Pliensbachian (Early Jurassic) calcareous nannofossils from the Peniche section (Lusitanian Basin, Portugal): A clue for palaeoenvironmental reconstructions

Abstract

Abstract Quantitative analysis of Early Jurassic calcareous nannofossil assemblages from the Peniche section in Portugal have been performed in order to interpret palaeoenvironmental changes occurring in the Lusitanian Basin during the Late Pliensbachian Davoei, Margaritatus and Spinatum Ammonite Zones. Nannofossil data are compared to already published carbon and oxygen stable isotope data, organic matter content (wt.%Total Organic Carbon, TOC), and biomarker analysis. A significant change in calcareous nannofossil assemblages and species diversity at the transition between the Margaritatus and Spinatum Ammonite Zones matches with the pattern shown by geochemical data. This suggests that a profound change in environmental conditions occurred at that time. In the Davoei and Margaritatus Ammonite Zones, in a context of general sea-level rise, the Lusitanian Basin was characterized by water column stratification that favoured the sedimentation and preservation of organic matter. Biomarkers and oxygen isotope trends suggest that stratification of water masses occurred because of low salinity in surface waters. The shallowest part of the water column, characterized by oligotrophic conditions, was inhabited by the (probable) calcareous dinocyst Schizosphaerella spp., while the deep-dweller Crepidolithus crassus flourished in the lower photic-zone layers. In the Spinatum Ammonite Zone, a regressive trend occurred and a salinity increase is inferred on the basis of oxygen isotope values. Water masses were probably less stratified at that time. The upper photic-zone nannofossil assemblages were still dominated by Schizosphaerella spp. whilst, in the deep photic-zone, Mitrolithus jansae (a Mediterranean taxon) replaced C. crassus (a taxon with NW-European affinity).

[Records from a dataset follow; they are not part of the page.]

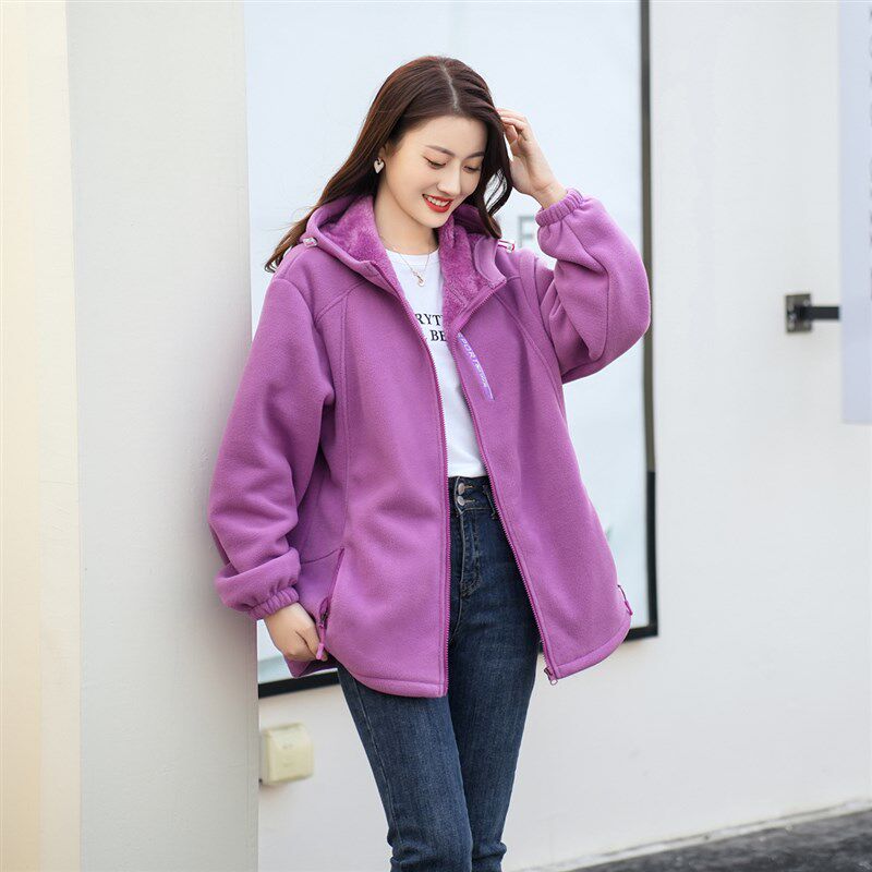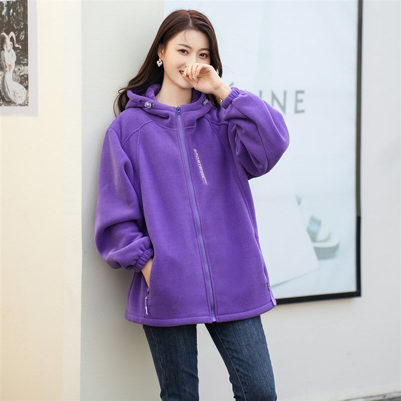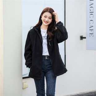 摇粒绒保暖卫衣大码 女200斤秋冬抓绒衣加绒连帽冲锋衣内胆
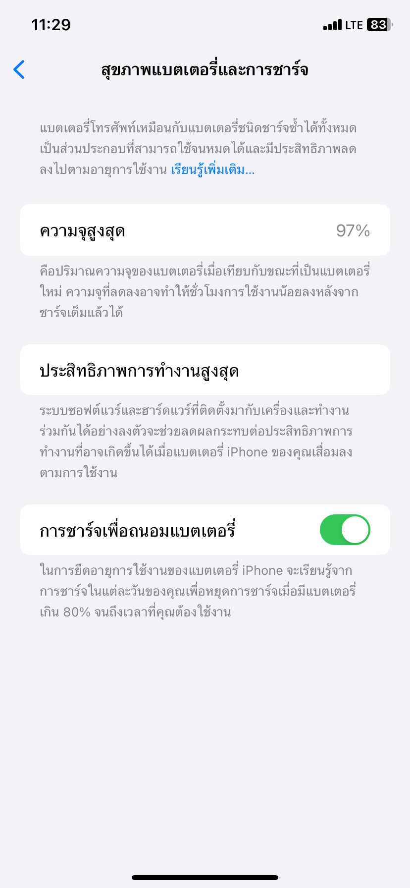 เพิ่งซื้อโทรศัพท์ iPhone 17 โปร Max ใช้งานห้าเดือน รอบชาร์จ 116 สุขภาพแบต 97% ใช้งานตั้ง ชาร์จที่ 90 ตลอดเปิดถึง 100 บ้าง แทบไม่เคยปล่อยให้เหลือ 20 เลย ไม่เคยเล่นไปชาร์จไป เมื่อไม่กี่อาทิตย์ก่อนแบต 98
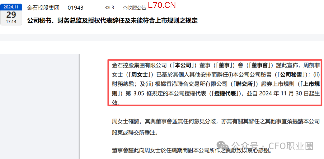 2024年11月29日,该公司发布公告称,周凯菲女士已基于其个人其他安排而辞任公司秘书、财务总监及公司授权代表。此后,公司未再发布关于财务总监聘任的相关公告。
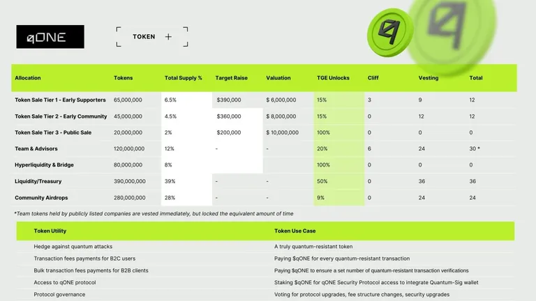 投資家は、量子攻撃に対するヘッジと、qONEセキュリティプロトコル全体の燃料として機能するトークンを入手できます。多くのアルトコイン(ビットコイン以外の仮想通貨)は投機的ですが、qONEは保険としての役割を果たします。
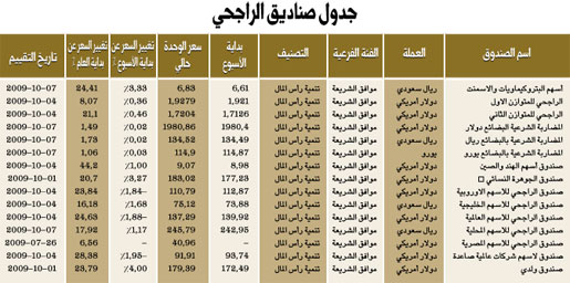 أما صندوق الراجحي للأسهم الأوروبية فقد انخفضت قيمة وحدته بما يقارب 1.84 بالمئة لتنخفض من مستوى 112.87 دولار إلى 110.97، كما انخفض صندوق الراجحي للأسهم العالمية بما يقارب 1.88 بالمائة حيث انخفضت قيمة وحدته من 139.92 لتستقر عند 137.29 دولاراً حسب تقييم 4-10- 2009، كما انخفضت قيمة وحدة صندوق أسهم الشركات العالمية الصاعدة من 93.74 دولاراً إلى 91.91 دولاراً بتقييم 4-10-2009 لتسجل انخفاضا يقارب ال1.95%.
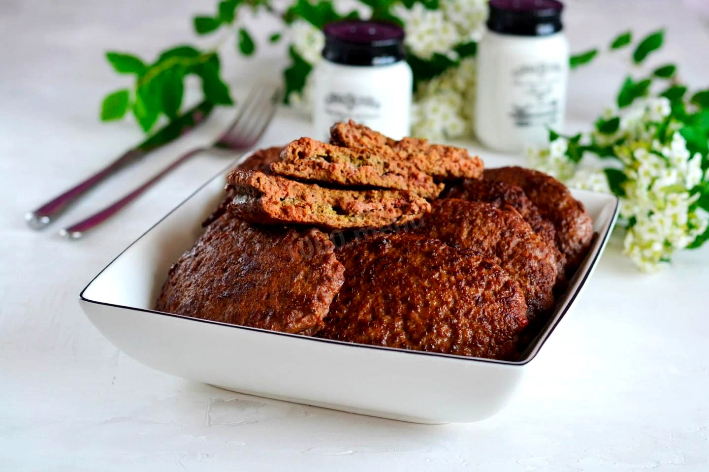 : Внутри оладьи должны быть коричневатого цвета. В первые минуты обжарки может выделяться кровь. В хорошо прожаренных оладьях крови быть не должно ни внутри, ни снаружи (если только вы не предпочитаете именно такую степень прожарки). Готовые оладьи переложите на блюдо и подайте к столу. К ним подойдет абсолютно любой гарнир. Приятного аппетита!
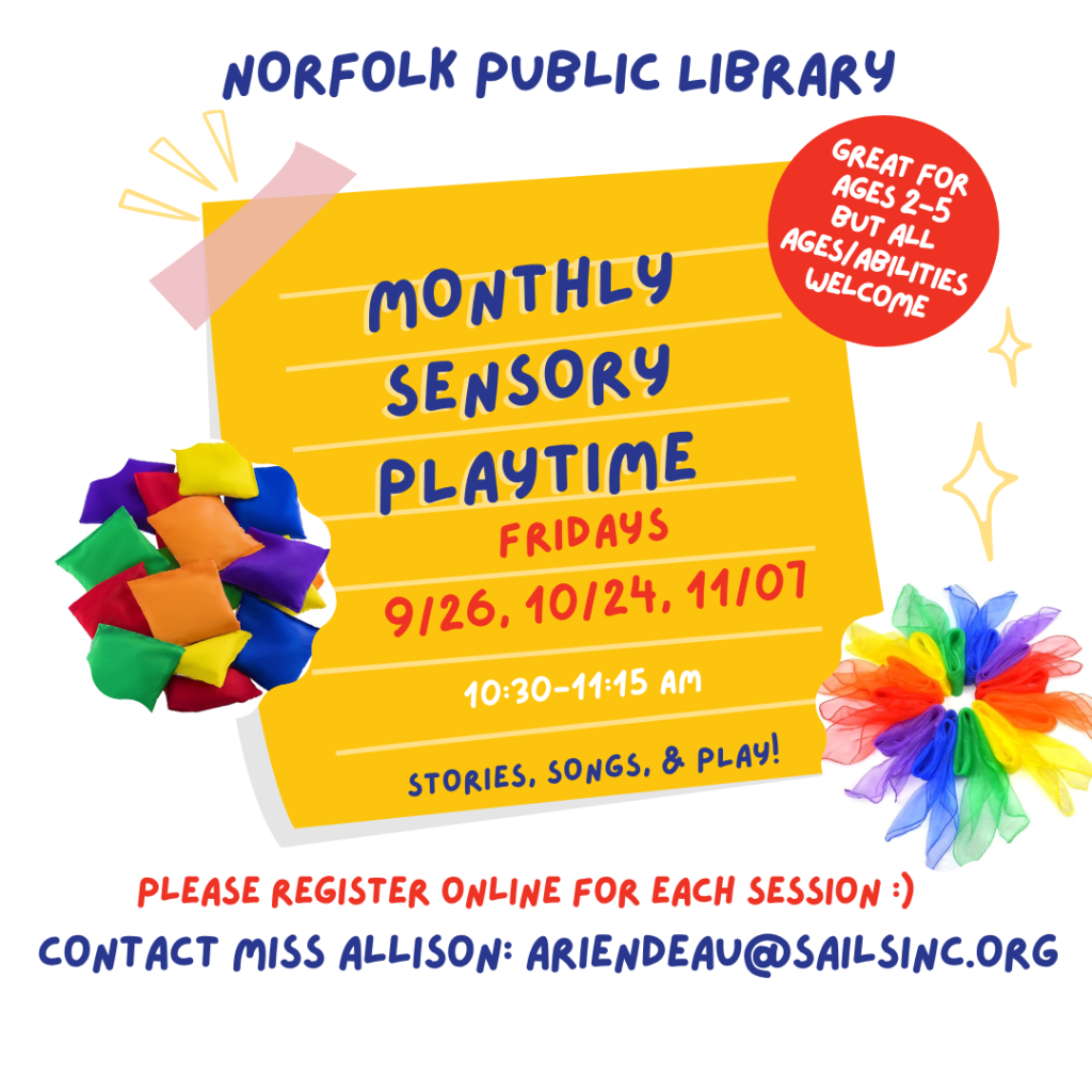 Join Miss Allison for stories, songs, and play! Children and their caregivers will spend 20 minutes enjoying songs, rhymes, and stories, followed by 20-25 minutes of sensory play (i. e. sensory bin play stations, a simple craft, or coloring).
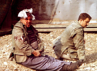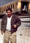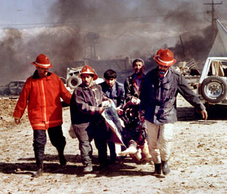 Rescue workers carry a victim from the train wreckage after a train exploded near Nishapur, 700 kilometers east of Tehran, February 18, 2004.[Reuters]
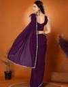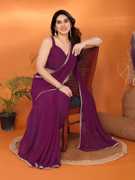 Ready to Wear Solid/Plain Bollywood Satin Saree (Purple)
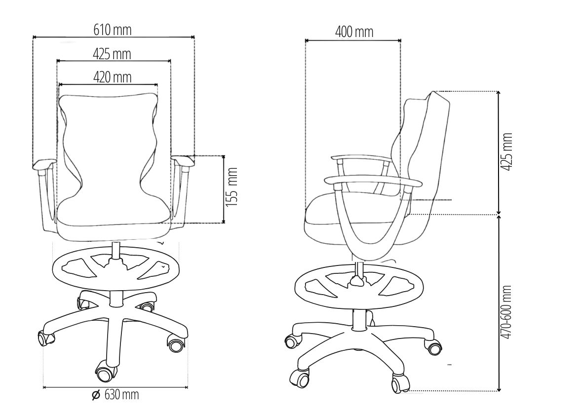 Przy wyborze krzesła biurkowego kieruj się wzrostem dziecka: 146-176,5 lub 159-188 cm.
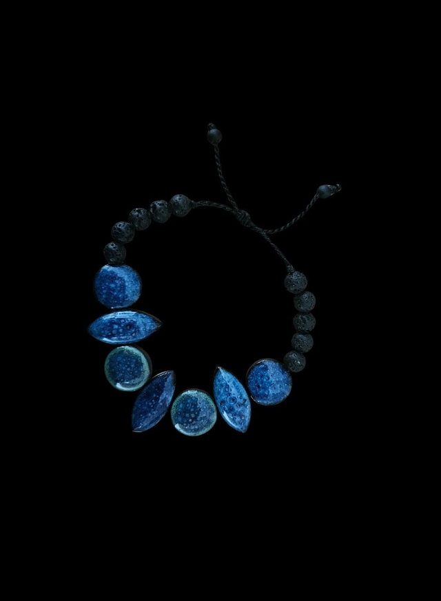 Découvrez ce bracelet composé de perles en porcelaine noire, dont la profondeur est rehaussée par un émail brillant aux nuances bleues et vertes.
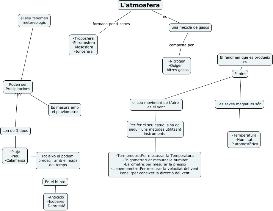 Este mapa conceptual tiene información relacionada a: L'atmosfera, El aire ???? el seu moviment de L'aire es el vent, Poden ser Precipitacions ???? Es mesura amb el pluviometre, L'atmosfera formada per 4 capes -Troposfera -Estratosfera -Mesosfera -Ionosfera, Les seves magnituts són ???? -Temperatura -Humiitat -P.atomosfèrica, Per fer el seu estudi s'ha de seguir uns metodes utilitzant instruments. ???? -Termometre:Per mesusrar la Temperatura -L'higometre:Per mesurar la humitat -Barometre:per mesurar la pressió -L'anemometre:Per mesurar la velocitat del vent Penell:per coneixer la direcció del vent, Tot aixó el podem predecir amb el mapa del temps ???? En el hi ha:, L'atmosfera és una mezcla de gasos, En el hi ha: ???? -Anticicló -Isobares -Depressió, El fenomen que es produeix es ???? El aire, una mezcla de gasos composta per -Nitrogen -Oxigen -Altres gasos, Poden ser Precipitacions ???? son de 3 tipus, el seu moviment de L'aire es el vent ???? Per fer el seu estudi s'ha de seguir uns metodes utilitzant instruments., son de 3 tipus ???? -Pluja -Neu -Calamarsa, El aire ???? Les seves magnituts són, -Pluja -Neu -Calamarsa ???? Tot aixó el podem predecir amb el mapa del temps, el seu fenomen metereologic ???? Poden ser Precipitacions
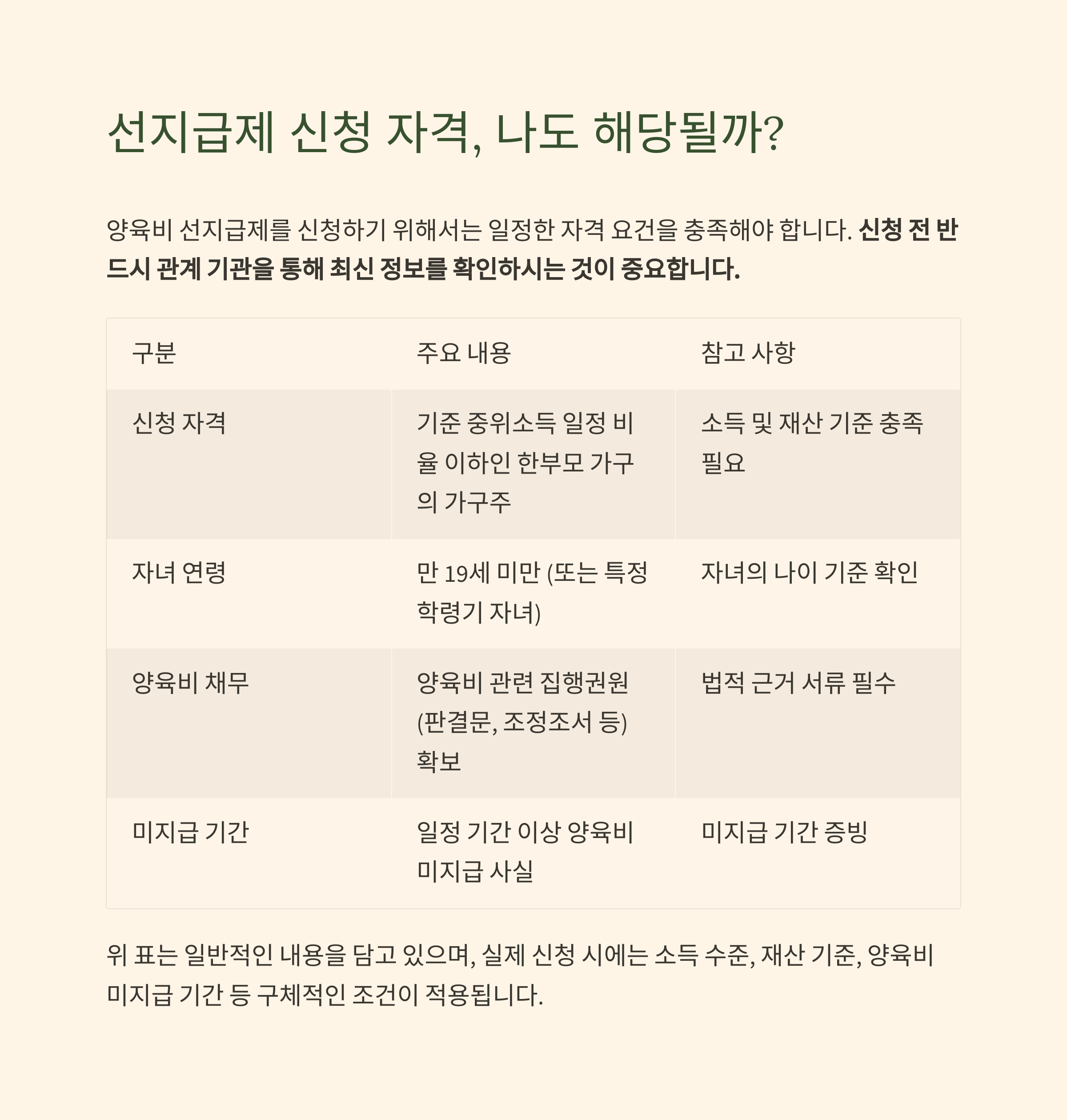 위 표는 일반적인 내용을 담고 있으며, 실제 신청 시에는 소득 수준, 재산 기준, 양육비 미지급 기간 등 구체적인 조건이 적용됩니다.
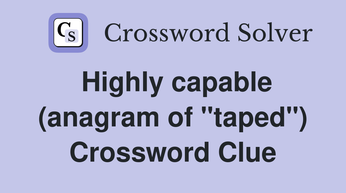 Highly capable (anagram of quot taped quot ) Crossword Clue Answers
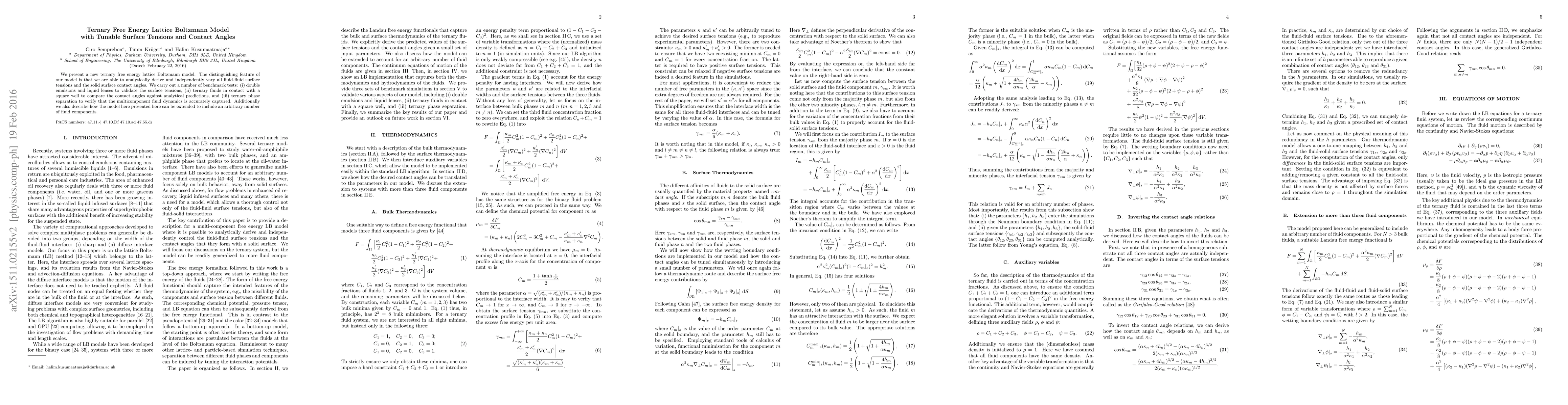 We present a new ternary free energy lattice Boltzmann model. The distinguishing feature of our model is that we are able to analytically derive and independently vary all fluid-fluid surface tensions and the solid surface contact angles. We carry out a number of benchmark tests: (i) double emulsions and liquid lenses to validate the surface tensions, (ii) ternary fluids in contact with a square well to compare the contact angles against analytical predictions, and (iii) ternary phase separation to verify that the multicomponent fluid dynamics is accurately captured. Additionally we also describe how the model here presented here can be extended to include an arbitrary number of fluid components.
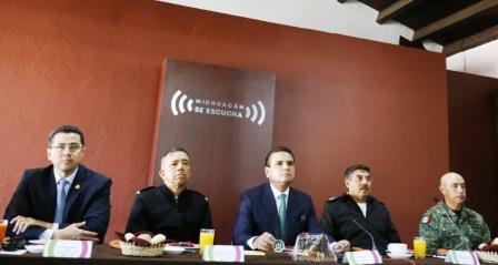 “Seguimos trabajando en estrecha coordinación en las acciones que se realizan en todo el territorio. Los dispositivos permanentes en Morelia, Uruapan y Zamora nos han permitido recabar información vital de inteligencia que nos permitirá próximamente entregar más buenos resultados”, comentó el secretario de Seguridad Pública, Israel Patrón Reyes.

This pattern may indicate a change in palaeoceanographic conditions related to surface current circulation. The sea-level fall occurring during the Spinatum Ammonite Zone may have resulted in the partial isolation of the Lusitanian Basin from the NW-Europe basins because of the creation of a threshold. Alternatively, tectonic drowning of North African carbonate platforms in the Late Pliensbachian may have promoted better exchanges of nannoplankton between the Lusitanian Basin and the Mediterranean Tethys via the creation of new seaway connections.